One common area is spinal disc replacement (Removal and Adding). Patients are often surprised that the new hi-tech disc doesn't work as well as their original human discs. Unlike, cars or computers where parts are easily replaceable. In fact with very specific numbered replacements parts. Parts in machine are relatively simple and have very precise functions and operated within a very specific range of conditions. Not so for the human body. In our human body, each part usually have several functions and interacts with the rest of the body in very unique ways. This helps us to be adaptable to our surroundings. Currently no replacement spinal disc has the same degree of freedom movement as a real human spinal disc. This implies a slight impairment to your body's actual biomechanics. Something and somewhere else will adapt to compensate for the slightly reduced degree of movement.

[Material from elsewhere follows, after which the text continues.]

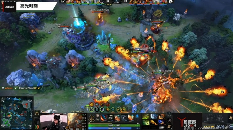 【33:22】XG开雾入侵Spirit野区,XinQ小小扔飞Collapse女王,Xxs船长双杀,Spirit正面毫无一战之力,XG打出2换4吃掉二代肉山,不朽之守护给到Ame剑圣,XG经济领先1w5k。

Also often fixing the faulty part does fix the underlying problem. In a machine when a part fails, it is usually because of poor quality rather than the machine operating beyond its specifications (thought that does happen. In fact, some machines are designed with some parts to be the designated failure points so that it is easily replaced and cheaply). Replacing a poor quality part if easy and usually eliminates the problem. But in the human body, parts fail not because of poor quality but often somehow it is not being used in the correct manner. Like sitting a poor posture leading to back pain. Solving the pain is only a short term solution if the external cause – poor posture is not corrected. This situation occurs less frequently for machine. Machines are usually used for the purposes they are designed for. If your coffee maker is crushed because you used it as a door stopper is not something covered under the manufacturer's warranty.

While some machines are large and more difficult to build (not something you can hammer out at your workbench) doesn't mean they are complex by any means. At least not relative to human body. Complex machines are far more difficult to repair and a point of failure can have far reaching and heavy consequences. Something that is beginning to show up in complex systems that we are building. So use analogies carefully. They help us understand a new complex topic but remember it is no substitute to actual understanding. Take you time and find out as much as you can about your pain and condition, and especially the solutions proposed.